Senior White House counselor Kellyanne Conway should be removed from office for repeatedly violating a law barring federal employees from engaging in election politics in their official capacity, the Office of Special Counsel said.
On Thursday, the Office of Special Counsel sent a report to President Donald Trump, detailing how Conway "violated the Hatch Act on numerous occasions by disparaging Democratic presidential candidates while speaking in her official capacity during television interviews and on social media," according to a statement.
An accompanying letter from the head of the Special Counsel, Trump-appointee Henry Kerner, called Conway's "disregard for the restrictions" of the Hatch Act "unacceptable."

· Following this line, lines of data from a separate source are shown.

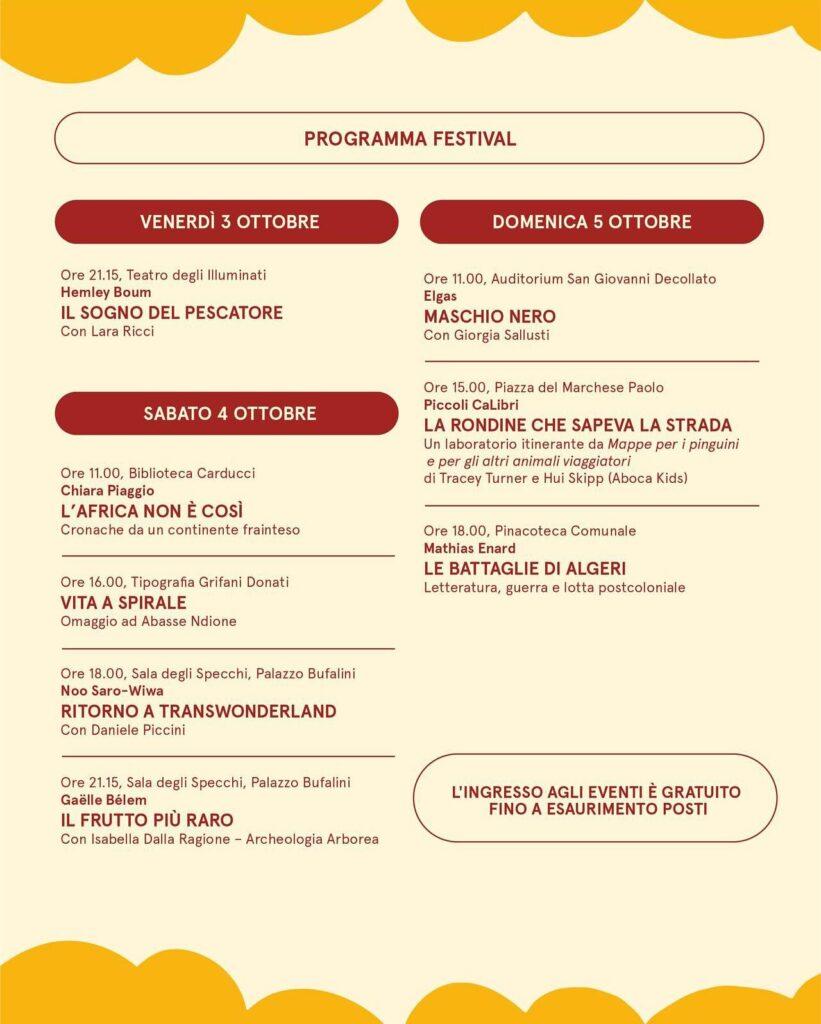 Da venerdì 3 ottobre al via la terza edizione di @CaLibro Africa, il festival dedicato alla letteratura africana con un ricco programma di iniziative. Venerdì 3 ottobre alle 21:15 presso il Teatro degli Illuminati, una conversazione su Il sogno del pescatore, di Hemley Boum con Lara Ricci; sabato 4 presso la Biblioteca Carducci ore 11:00 Chiara Piaggio con il suo nuovo libro; alle ore 16:00 appuntamento alla libreria Paci con un omaggio ad Abasse Ndione. Sempre sabato 4 a Palazzo Bufalini doppio appuntamento: alle ore 18:00 Noo Saro-Wiwa in dialogo con Daniele Piccini e alle 21:15 Gaëlle Bélem insieme a Isabella Dalla Ragione di Archeologia Arborea. Domenica 5 all’Auditorium San Giovanni Decollato Elgas dialoga con Giorgia Sallusti; alle ore 15:00 l’appuntamento è con Piccoli CaLibri che propone un laboratorio itinerante presso per le vie della città con partenza da Piazza del Marchese Paolo. Ultimo appuntamento domenica 5 presso la Pinacoteca alle ore 18:00 con Mathias Énard, uno dei più importanti scrittori internazionali, in una conferenza speciale preceduta da una visita guidata alle opere più importanti del museo in collaborazione con PoliedroCultura.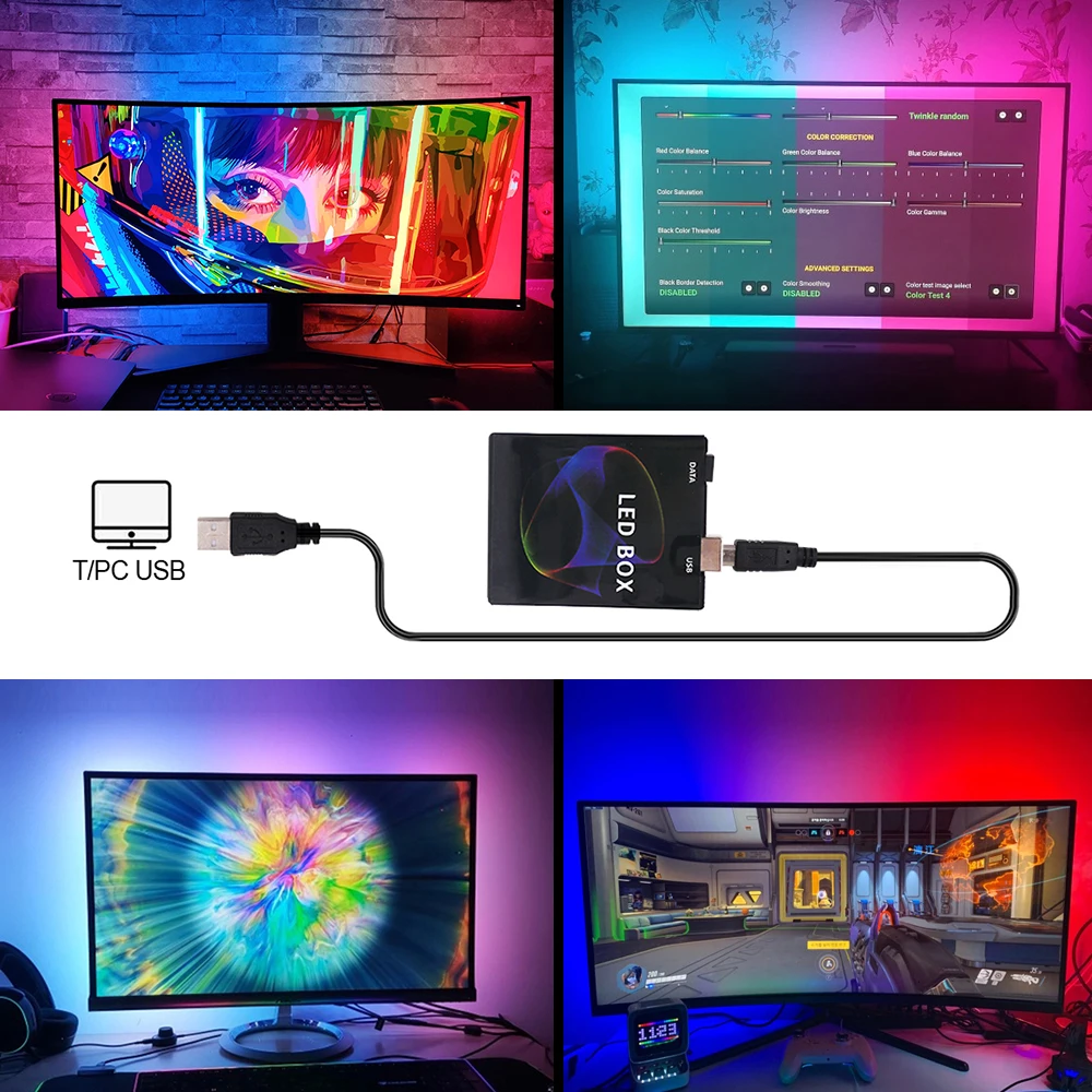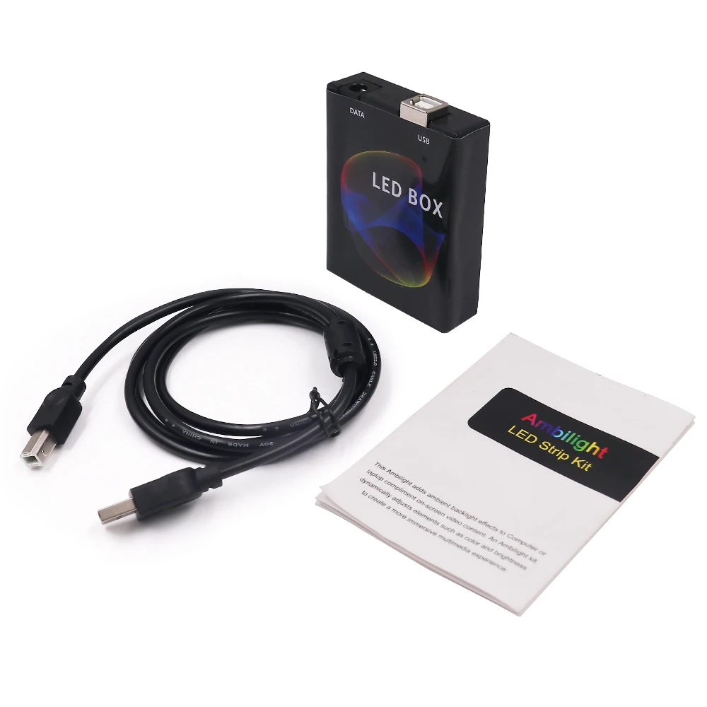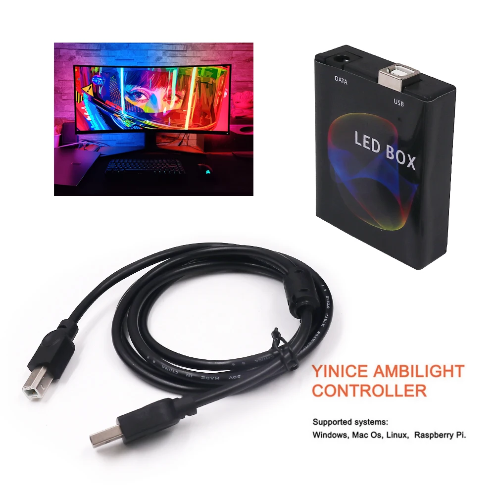 Применяется к светодиодной ленте WS2811 WS2812B SK6812 RGBКонтроллер окружающей среды + USB-кабель(Без полосы, без источника питания)Входное напряжение: 5 ВДиапазон использования: фон ТВЭтот продукт представляет собой только контроллер, можно использовать только светодиодную ленту WS2812B RGB, источник питания и программное обеспечение.Этот Ambibox добавляет эффекты внешней подсветки компьютеру или ноутбуку. Набор Ambibox динамически настраивает такие элементы, как цвет и яркость, чтобы создать более захватывающий мультимедийный опыт.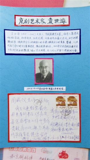 “我把这些演员的签名和戏单进行了整理,有空的时候翻一翻看一看,就觉得其乐无穷。”77岁的周盛仪是鄞州区姜山镇虎哨周村一位退休教师,同时也是一位收藏爱好者。他主要收藏门票、校徽和戏曲资料三类藏品。退休后,他一直利用自己的藏品办内部交流报刊和各种主题展览。2017年,他有个愿望:利用收藏的300多位戏曲演员的签名明信片和1500多张戏单,举办一次戏曲艺术主题展。 教师节前夕收到了吕瑞英的贺卡 幼时家境贫寒,周盛仪的艺术启蒙是乡间的戏曲表演,戏曲里演绎的家仇国恨故事总能打动他的心。 童年的时候,每每村头有戏曲演出,周盛仪总是早早赶到现场,偷偷地看演员们在后台化妆、排戏。演出结束散场后,他还觉得回味无穷,时不时地学着演员的唱腔唱上几句。 读师范学校时,周盛仪学会了拉二胡,还参加了学生社团。参加工作后,他订阅了《中国戏剧》杂志。除了喜欢宁波本地常见的越剧、甬剧外,他也喜欢京剧、昆曲等剧种,他觉得戏曲不仅很美,而且还蕴含着各种做人的道理。 尽管从小就喜欢上了戏剧,但是周盛仪最初收藏的并不是戏曲资料,而是邮票。他从16岁开始集邮,是越剧名家吕瑞英的一封信让周盛仪的收藏发生了变化。 周盛仪回忆说,1985年的暑假,他给自己喜爱的越剧演员吕瑞英写了一封信,收信地址就是上海越剧院,邮编是从邮局查来的。他在信中说自己喜欢越剧,也喜欢看吕瑞英表演的《打金枝》《穆桂英挂帅》等剧目,还组织学生们学习其中的选段,他希望越剧能够被发扬光大。1985年9月10日,是新中国的首个教师节。让周盛仪惊喜的是,吕瑞英在教师节前夕给他回了信,还寄给他一张明信片,祝他教师节快乐。 当时吕瑞英已经是上海越剧院院长了,她寄来的贺卡让周盛仪倍受鼓舞。尽管身处乡间,没有很多机会观看戏曲演出,但是自己可以通过写信的方式和喜爱的戏曲演员进行交流,收藏他们的签名!这让周盛仪兴奋了好几天。 30余年集得300多张签名明信片 茅威涛的签名明信片是1985年10月寄给周盛仪的,那时茅威涛才23岁,在前一年刚刚夺得了中国戏曲梅花奖; 王锦文的签名明信片是1990年5月寄达的,那时她刚在浙江省第四届戏剧节上崭露头角; 尚长荣的签名明信片和亲笔信是1992年3月寄达的,他的回信与众不同,是用毛笔写就的…… 30多年来,通过写信,周盛仪收集了60余个剧种的300多位戏曲演员的签名明信片。 今天的读者也许会有这样的疑问:一个普通的乡村教师怎么知道这么多戏曲演员的通信地址呢?周盛仪曾经统计过,1983年到2013年,文艺界有634人次获得了梅花奖。他至今还保存着一个黑色封皮笔记本,里面记载着一份演员名单,是他拥有签名明信片的91位梅花奖获得者,分为梅花大奖(三度梅)7人,二度梅19人,一度梅65人。周盛仪说,他首先在报刊上找到这些演员的工作单位,一般都是某某剧团或某某剧院,然后再到邮局查找这些单位的邮编,再加上演员的名字,有了这些信息后,演员们一般都能收到他写的信。 从1985年到1994年的近十年时间里,周盛仪给200多位戏曲演员写了信,其中有70%给他回寄了签名明信片。这是他收藏签名明信片的黄金时期。 从集邮开始,周盛仪就和全国各地的藏友相互交流,有位湖北的藏友知道周盛仪的爱好后,特意到当地一个濒临解散的地方剧团——采茶剧剧团请演员们签名,集齐该团所有演员的签名后寄给周盛仪。 如今,随着电脑、手机的广泛使用,艺术家和粉丝的交流方式越来越多样了,写信显得越来越不合潮流了,周盛仪收到的回信也大大减少了。2016年,周盛仪寄出了22封信,只收到2封回信;2017年1月,他寄出了4封信,一封回信也没收到。他收到的最后一封回信,是漳州市芗剧团演员陆逸红于2016年11月11日寄来的。 想利用藏品举办戏曲艺术主题展览 早在宋代,为了吸引观众,有些戏院把当天演出的节目写在“折子”上,来做宣传。这种“折子”是戏单的雏形。 真正意义上的纸质戏单出现在清末,看似简陋,却具有一定的史料价值和欣赏价值,也吸引了藏友的收藏。 有些戏曲演员在给周盛仪的回信中,除了签名明信片外,还附赠自己演出的戏单、剧照,甚至还有演出的音像资料。周盛仪的戏单收藏就是从收到演员的赠品开始的。 演员们赠送的戏单不多,后来,周盛仪用门票交换或购买方式,陆续从各地藏友处获得了一些戏单。到目前为止,周盛仪已经收藏了从上世纪50年代到现在的1500多份戏单。 在一些收藏网上,旧戏单的价格从几元到几十元不等,售价超过百元的戏单很少见。周盛仪说,戏单收藏的经济价值不高,但是不同时期的戏单或多或少都能反映出一些时代特征。比如戏单从单页单面发展到如今多页成册;从传统的手写、木刻、油墨手印、铅字排印,发展到如今的彩色胶印,其中的变化除了能反映各个时期的印刷技术和制作工艺水平,还能反映出戏剧的演变发展和演职员的艺术水准。 周盛仪希望利用自己的藏品举办一次戏曲艺术主题展览,让人们从这些实物中看到戏曲的发展历程,了解不同时代的戏曲演员。记者 陈爱红 文/摄 藏品共赏 1.尚长荣的亲笔信 1992年,周盛仪从报纸上得知京剧名家尚长荣从陕西调到上海后,就给他写信。没过多久,周盛仪不仅收到了尚长荣的亲笔回信,随信还获赠了一张尚长荣主演的《曹操与杨修》剧照。 尚长荣在回信中写道:您的来信早已收到,因我到外地演出及琐事繁忙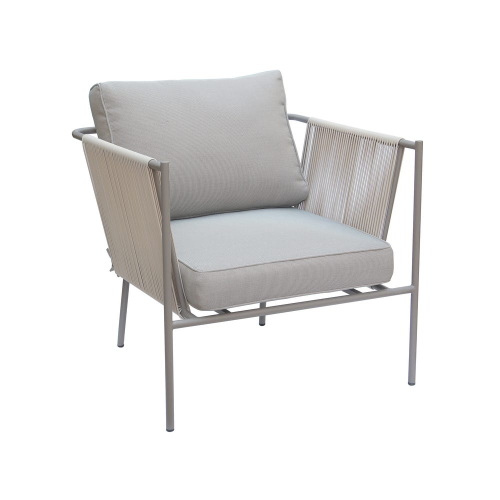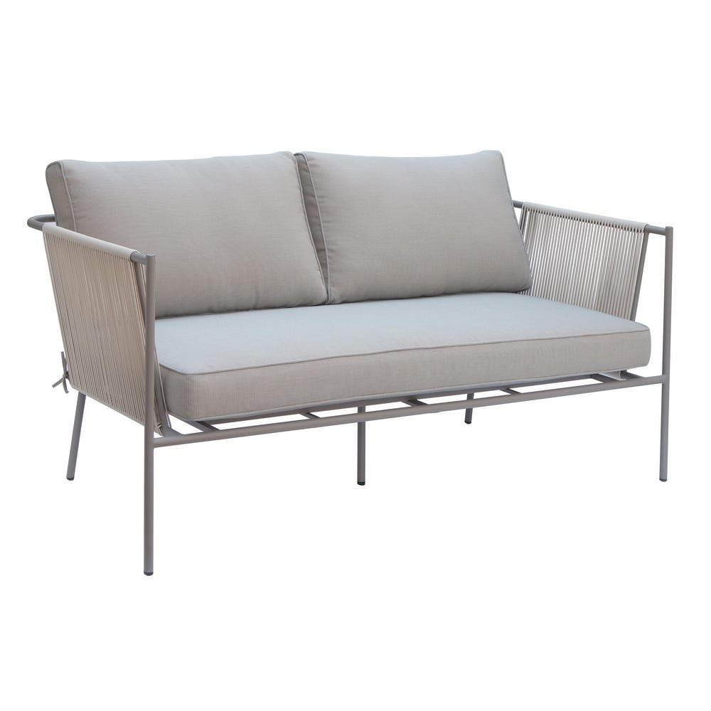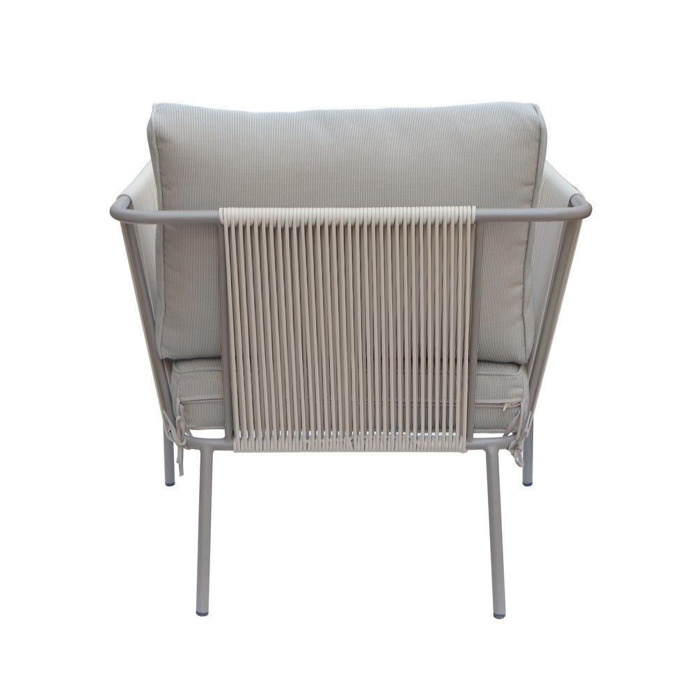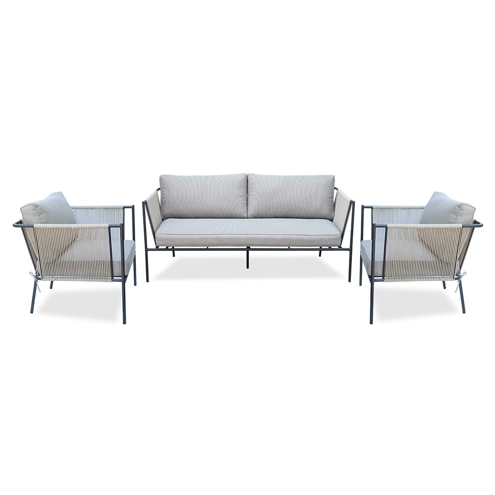 Canapeaua și fotoliile sunt echipate cu perne moi și rezistente, tapițate cu material textil special pentru exterior. Culoarea neutră oferă versatilitate estetică și se potrivește perfect cu designul industrial-elegant al cadrului negru. Sunt ușor de întreținut și destinate utilizării zilnice – de la cafeaua de dimineață la serile de vară petrecute afară.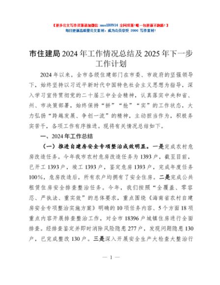 / 市住建局2024年工作情况总结及2025年下一步工作计划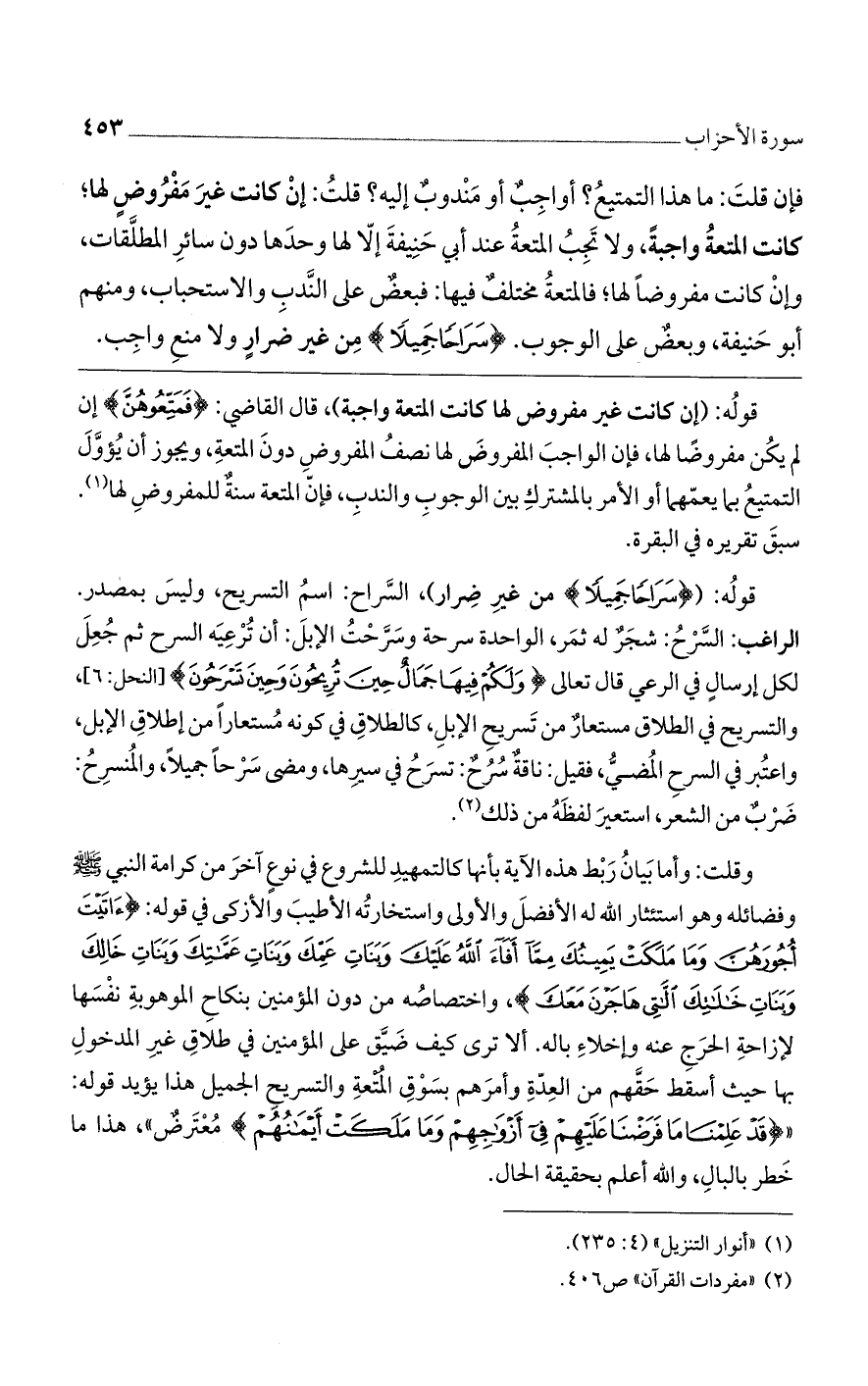 قولُه: ({سَرَاحًا جَمِيلًا} من غيرِ ضِرار)، السَّراح: اسمُ التسريح، وليسَ بمصدر.

"Her actions erode the principal foundation of our democratic system _ the rule of law," Kerner wrote.
White House deputy press secretary Steven Groves fired back at the agency's report, calling the office's actions against Conway "unprecedented," "deeply flawed," and in violation of her constitutional rights to free speech and due process.
"Others, of all political views, have objected to the (Office of Special Counsel's) unclear and unevenly applied rules which have a chilling effect on free speech for all federal employees," Groves said. "Its decisions seem to be influenced by media pressure and liberal organizations _ and perhaps OSC should be mindful of its own mandate to act in a fair, impartial, non-political manner, and not misinterpret or weaponize the Hatch Act."
The Office of Special Counsel is a federal watchdog agency that enforces the Hatch Act and is not related special counsel Robert Mueller's probe into Russian interference in the 2016 election.